There are altogether 23 covering sets of Sierpinski modulus 60, of which 21 have the subset {3, 5, 7, 13}, so by the above argument, these will all have at least 48 associated Keller cycles. However, since the remaining members of the others sets are larger than those for set X, the typical Keller base will be larger, explaining why far fewer were revealed during the exhaustive search.

The examples provided so far all have the subset {3, 5, 7, 13}, which nicely covers the great majority of possible positions.

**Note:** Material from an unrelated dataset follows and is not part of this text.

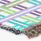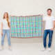 Cette couverture à jetons a un design Art Déco d'un plaid composé de deux nuances de turquoise, deux nuances de violet et deux nuances de vert.

Let us now consider a covering set that has neither 7 nor 13. The smallest modulus with covering sets like this is m = 48. The primes 3 & 5 cover 36 between them. The prime 17 can take another 6, and the primes 241 & 257 can fill 2 more each, leaving 2 more primes, namely 97 & 673, to cover the remaining 2 holes. Given the patterns, there are only two distinct arrangements, given by the Nash congruences:

(3,0); (5,1); (17,3); (241,7); (257,15); (97,23); (673,39) &

(3,0); (5,1); (17,3); (241,7); (257,15); (97,39); (673,23)

This solves to the Keller cycles with bases 39803042693 & 17569606849 respectively.

The process outlined above can be applied to any covering set to identify all Keller cycles.

However, it is difficult to identify all possible distinct arrangements when the covering set is large, as in the next example.

The first covering sets which do not include the prime 3 are found for Sierpinski modulus m = 180. The loss of such a useful value (when it is in a covering set it covers half of all holes) can only be made up by relying on lots of other primes with low exponent. An optimal covering arrangement is provided by judicious placement of the primes 7, 5, 31, 73, 11, 13, which can be made to cover 142 of the possible 180 holes. Identifying distinct patterns is quite difficult, but I reckon that there are 8 to this point. The three primes 151, 331 & 19 can then be used to account for another 18 holes. Care has to be taken here since the divisibility patterns of these primes interact non-trivially. The optimum coverage can be achieved with 8 distinct sub-patterns of these three. The 9 primes mentioned so far feature in every covering set of modulus 180 that does not contain the prime 3, of which there are at least 62. A variety of combinations of the remaining primes can be made to cover the remaining positions. The one with the smallest 2P value continues with 41, 37 & 109, each covering 4 holes, 631 & 23311 each covering 2 holes, leaving 61 & 1321 to cover the last 4 holes. The only possible arrangements allow one of these to cover 3 holes while the other finishes off the last hole, again interchangeably. The total number of distinct patterns, leading to distinct Keller cycles, is of the order of 8*8*8 = 512, though this may be a couple of factors of 2 out.